Dabo’s journey to Indy covered more than 4,400 miles and crossed the Atlantic Ocean. He participated in the Stuttgart (Germany) Scorpions youth football program before entering the European League of Football last season. He was a cornerback/kick returner for the Stuttgart Surge and was the league’s Defensive Rookie of the Year after collecting 28 tackles and one interception.

After advancing through the various stages of the IPP’s evaluation process, Dabo was part of the IPP’s Pro Day in March, which was held in conjunction with Arizona State’s Pro Day. In late March and before returning to Germany April 9, he met with the Colts at their Indiana Farm Bureau Insurance Football Center.

“It was really great,” he said.

Dabo spent time with general manager Chris Ballard, coach Frank Reich, defensive coordinator Gus Bradley, defensive backs coach Ron Milus and assistant Mike Mitchell. They reviewed his Pro Day tape and projected how he might fit in Bradley’s defense.

“In Germany I used to play cornerback mostly and in Gus’ defense I really fit as a safety or a nickel,” said Dabo.
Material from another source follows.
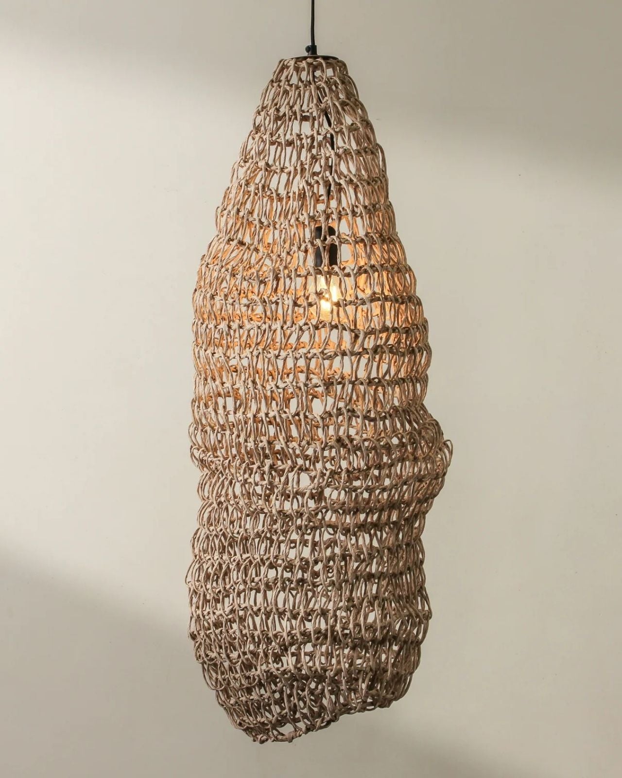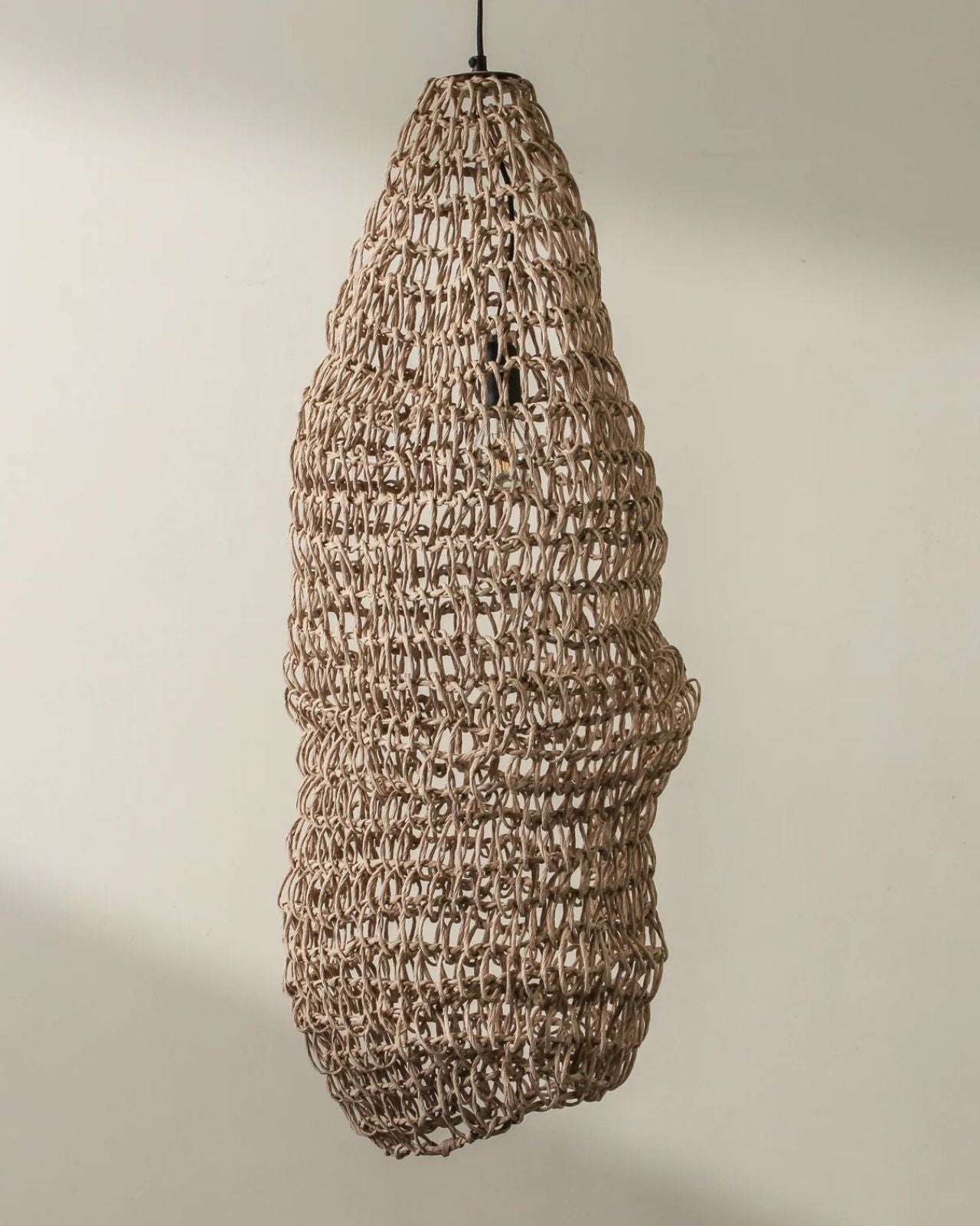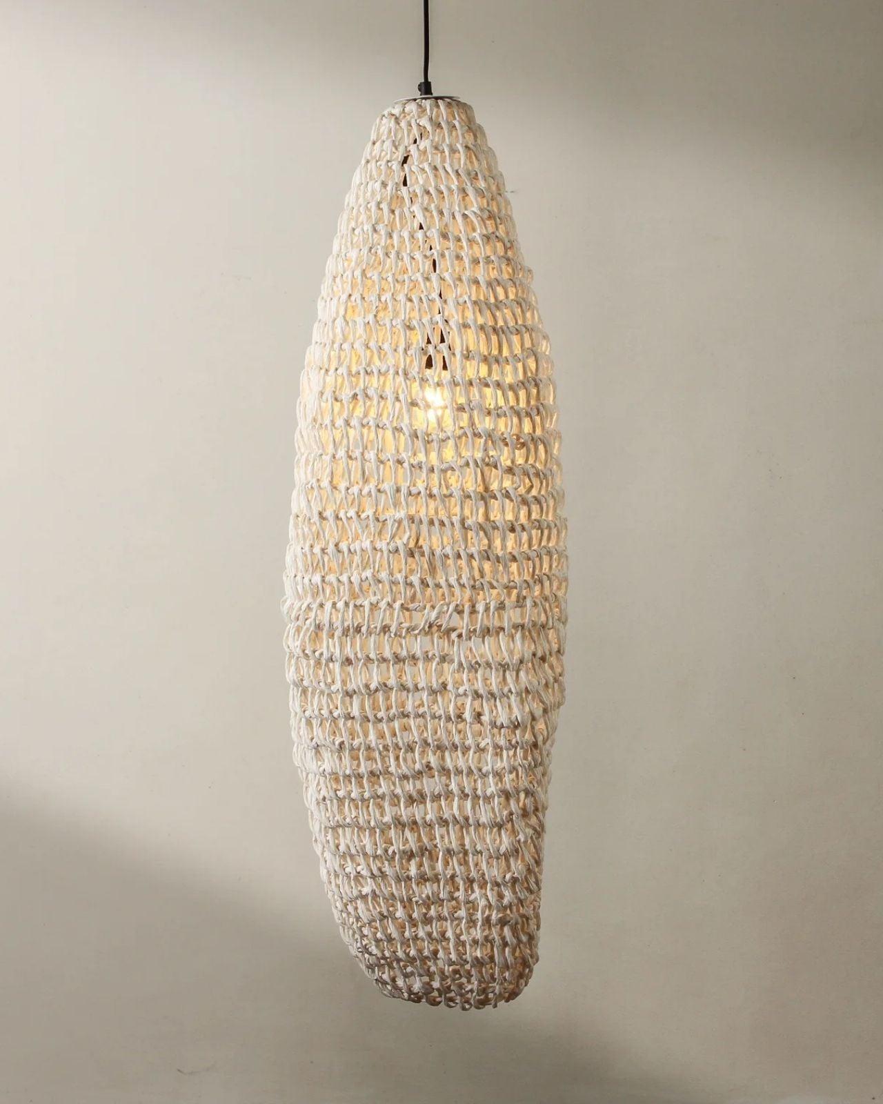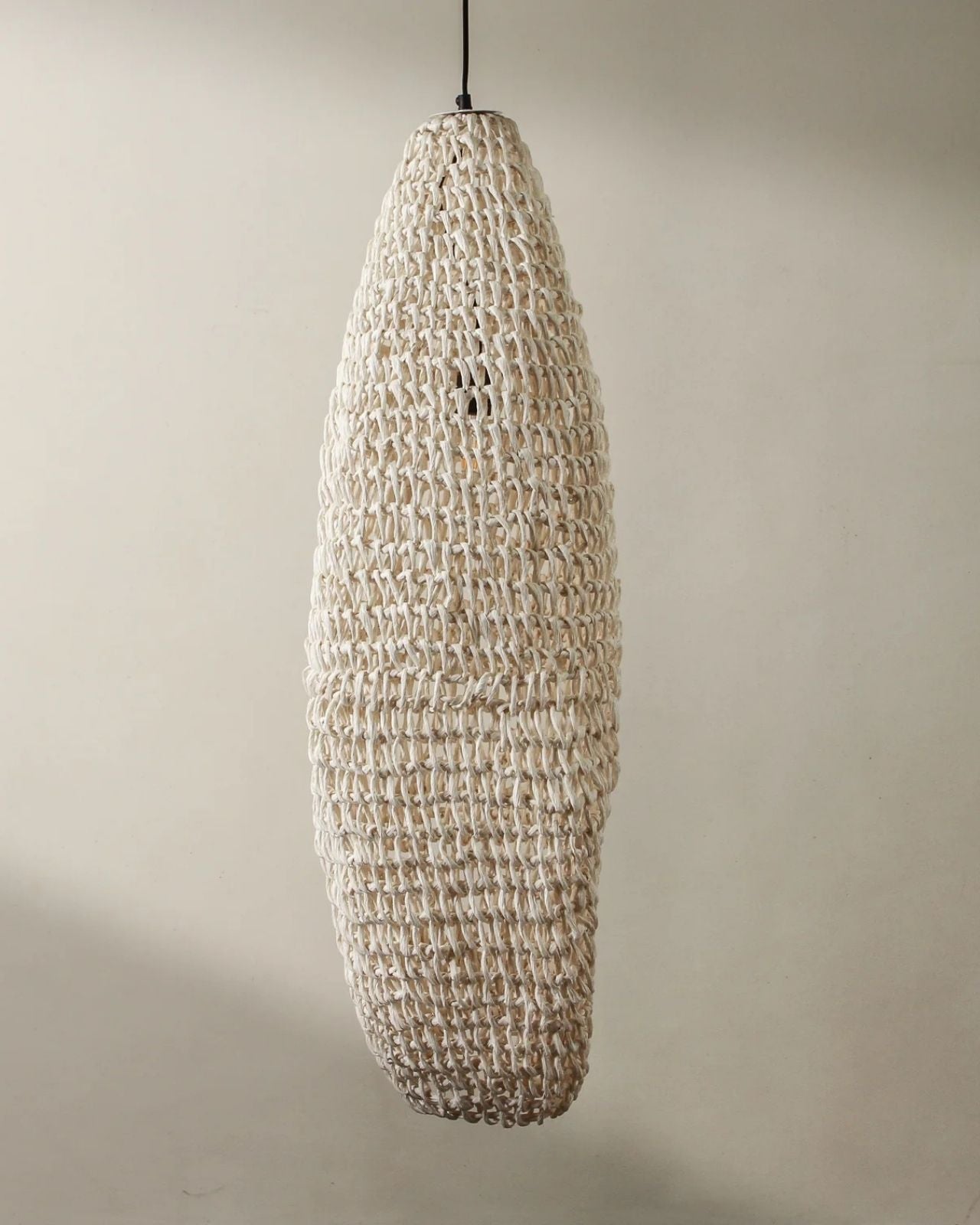 Elongated Handwoven Paper Rope Column Pendant - Natural

The Colts understand Dabo is likely a long-term developmental investment, but he fits their personnel profile. He’s one of those freakish athletes.

Dabo is 6’0″ and 208 pounds. At his Pro Day, he turned a 4.52 time in the 40-yard dash, had a 40.5 vertical jump and bench pressed 225 pounds 21 times.
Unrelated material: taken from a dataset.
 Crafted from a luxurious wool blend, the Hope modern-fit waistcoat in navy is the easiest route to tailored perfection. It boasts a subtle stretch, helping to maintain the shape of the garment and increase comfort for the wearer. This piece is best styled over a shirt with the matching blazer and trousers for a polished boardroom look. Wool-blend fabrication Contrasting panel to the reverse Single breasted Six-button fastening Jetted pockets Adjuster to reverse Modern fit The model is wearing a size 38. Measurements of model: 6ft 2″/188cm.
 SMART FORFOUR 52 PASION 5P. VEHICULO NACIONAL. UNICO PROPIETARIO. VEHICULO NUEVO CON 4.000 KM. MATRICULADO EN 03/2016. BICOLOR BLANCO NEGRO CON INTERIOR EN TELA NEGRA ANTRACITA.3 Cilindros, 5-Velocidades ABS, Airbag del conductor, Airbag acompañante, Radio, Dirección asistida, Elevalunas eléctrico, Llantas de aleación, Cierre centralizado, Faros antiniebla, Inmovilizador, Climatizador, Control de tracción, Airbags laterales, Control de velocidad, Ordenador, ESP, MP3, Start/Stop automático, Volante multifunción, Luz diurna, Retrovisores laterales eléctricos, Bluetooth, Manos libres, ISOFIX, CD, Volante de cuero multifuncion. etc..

For context, consider he would have posted the top bench press and second-best vertical jump among cornerbacks (Tariq Woolen had a 42-inch vertical). Among safeties, Dabo’s vertical would have been No. 1 and his bench tied for third.

His 40 time would have ranked tied-23rd among corners and 12th among safeties.

Dabo had no control over his placement in the NFL, but considers the Colts an ideal landing spot. He sees a DB room that includes Stephon Gilmore, the 2019 Defensive Player of the Year and a five-time Pro Bowl selection, and Pro Bowl nickel Kenny Moore II.

“Amazing,” he said. “I’m just looking forward to learning from them. I’m looking forward to soaking everything in.”

Dabo understands there’s going to be a transition period. In Germany, he generally practiced three times a week, which made it difficult to get better.

“The biggest difference is to actually act professional because football in America compared to Germany is very different,” he said.

He was given at least a glimpse of what to expect after talking with one of Germany’s top football exports, Bjoern Werner. The Colts selected the Berlin-born Werner in the 1st round of the 2013 draft.

“We have a close bond,” Dabo said of the football community in Germany. “We have contact with anyone who has made it into the NFL . . . I also had a conversation with Bjoern about the Colts and hos it went.

“I don’t consider myself an international player in terms of coaches looking at me. Of course I’m an international player, but I really want to make the roster as soon as possible.”